Actually, uh, yeah, you can.
Blade, for example, is a wholly different take on the material than its comic source, and yet they're both wholly valid interpretations -- just as last year's
Transformers wasn't hurt in any way by Optimus Prime being a Peterbilt truck instead a cab-over.
Just because
The Dark Knight didn't translate, beat-for-beat, your favorite comic stories and origins, doesn't make it any less of a movie. Try criticizing the movie based on what it
was.
No, I do agree that some of the artistic changes for good or bad can be done right. I didn't mind Optimus Prime being whatever he was. He looked like Optimus. Same with the flames. I did have a major point in that him and Megatron were brothers and I did have a slight problem with the entire makeover of Bumblebee.
How is Blade any different than what is in the comics? I haven't kept up with Blade in a long time (is his comic still around?) but I believed that his origin stayed pretty well to the comics.
The problem I am having with the Dark Knight is this:
What is Christopher Nolan trying to do? Is he trying to re-write Batman? Is he trying to follow more closely to the comics? Because to me, it's hard to do both without stepping on toes.
From what I understood in Batman Begins, he was trying to recreate Batman and the villains. He was trying to make them more real and to do away with the -- fantasy? I don't know how you would say it. Things like the Lazarus Pits with Ra's and the origin of Joker. But essentially, he was trying to make Batman more realistic than anything, no?
We can argue semantics and can argue about this and that but we can agree that there are certain things in Batman that stay true through each medium and each outlet for the character.
- Batman's parents are killed
- Dick Grayson/Robin/Nightwing's parents are killed. Even in the horrendous reboot, Grayson's parents are killed.
- Batman creates the Joker -- Joker's origin is never explained. This I can agree upon with the movie. And I actually liked that Nolan nodded to the comics in this, that Joker gives different reasons for his being. It doesn't have to be the same stories, I just like that the fact that the Joker doesn't have an origin and that he is a pathological liar.

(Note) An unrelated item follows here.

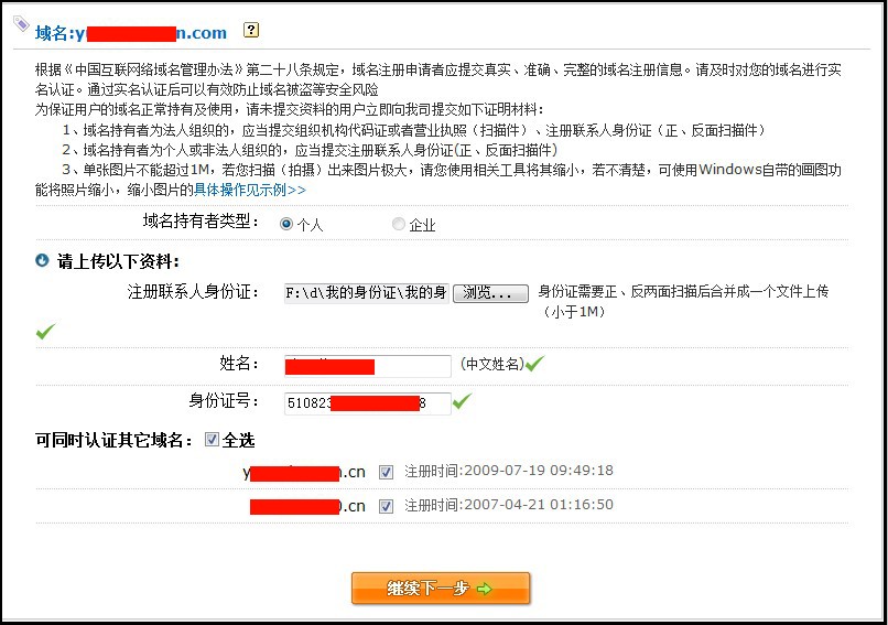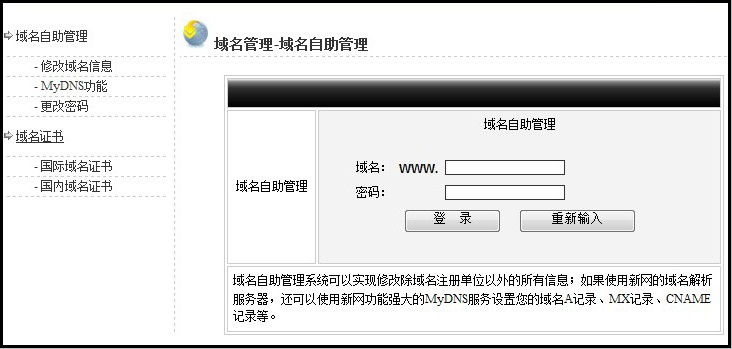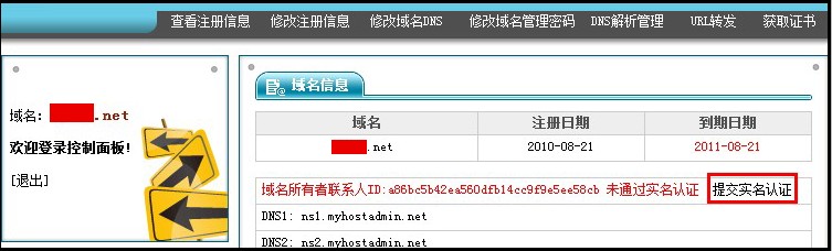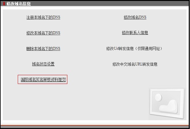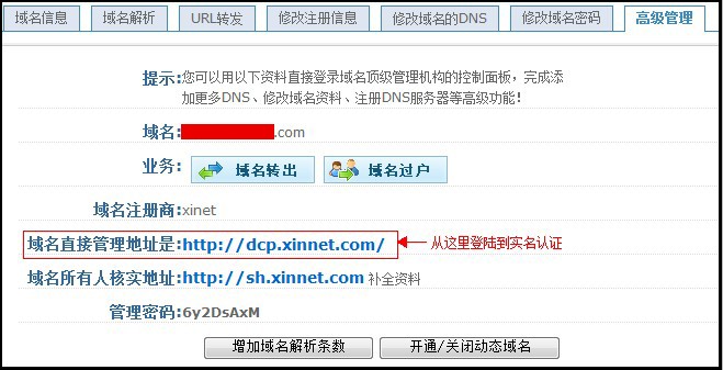 2. 注册商为“新网”: 在我司域名控制面板中点击“立即提交实名认证”,在线提交资料。然后点域名控制面板中点“高级管理”,根据高级管理中显示的管理密码,登录:http://dcp.xinnet.com/ 登录后在“域名管理”中 提交国际域名实名认证材料。 3. 注册商为“商务中国” 在我司域名控制面板中点击“立即提交实名认证”,在线提交资料。然后点域名控制面板中点“高级管理”,根据高级管理中显示的管理密码,登录: http://cache.cdncache.net/ 登录后 提交实名认证 。

But what I did have a problem with, is that the Joker came out of a vacuum. I thought we would have the delight of seeing Batman (when it was first reported) create the Joker and that is why the Joker is obsessed with the Batman. It doesn't have to be a vat of chemicals. It could be anything but I wanted to see that connection between the two. It could be a botched robbery or something.
Another thing that I simply cannot remove from my mind is Harvey Dent's split personality. Nolan leaves two explainations in the air for Dent's transformation to Two - Face
1/ Dent has always had two personalities buried within himself. A split between good and bad. That personality is brought out by the Joker and by his disfiguring; that what he looks like now represents who he is.
2/ Dent just goes insane from the trauma. He never had two personalities. The loss of Rachel and the disfiguring adds to this trauma and his personality fractures.
Which one of these is the correct one?
Nolan seems to be leaning toward re-creating a new Batman universe devoid of comics except in name only with the re-imaging of Gordon (family), the origins of Dent (which I found actually more plausable), Joker, and Ra's.
I also kept thinking Ramerez was Montoya for some odd reason.
So my question is, what is Nolan doing with the Batman movies?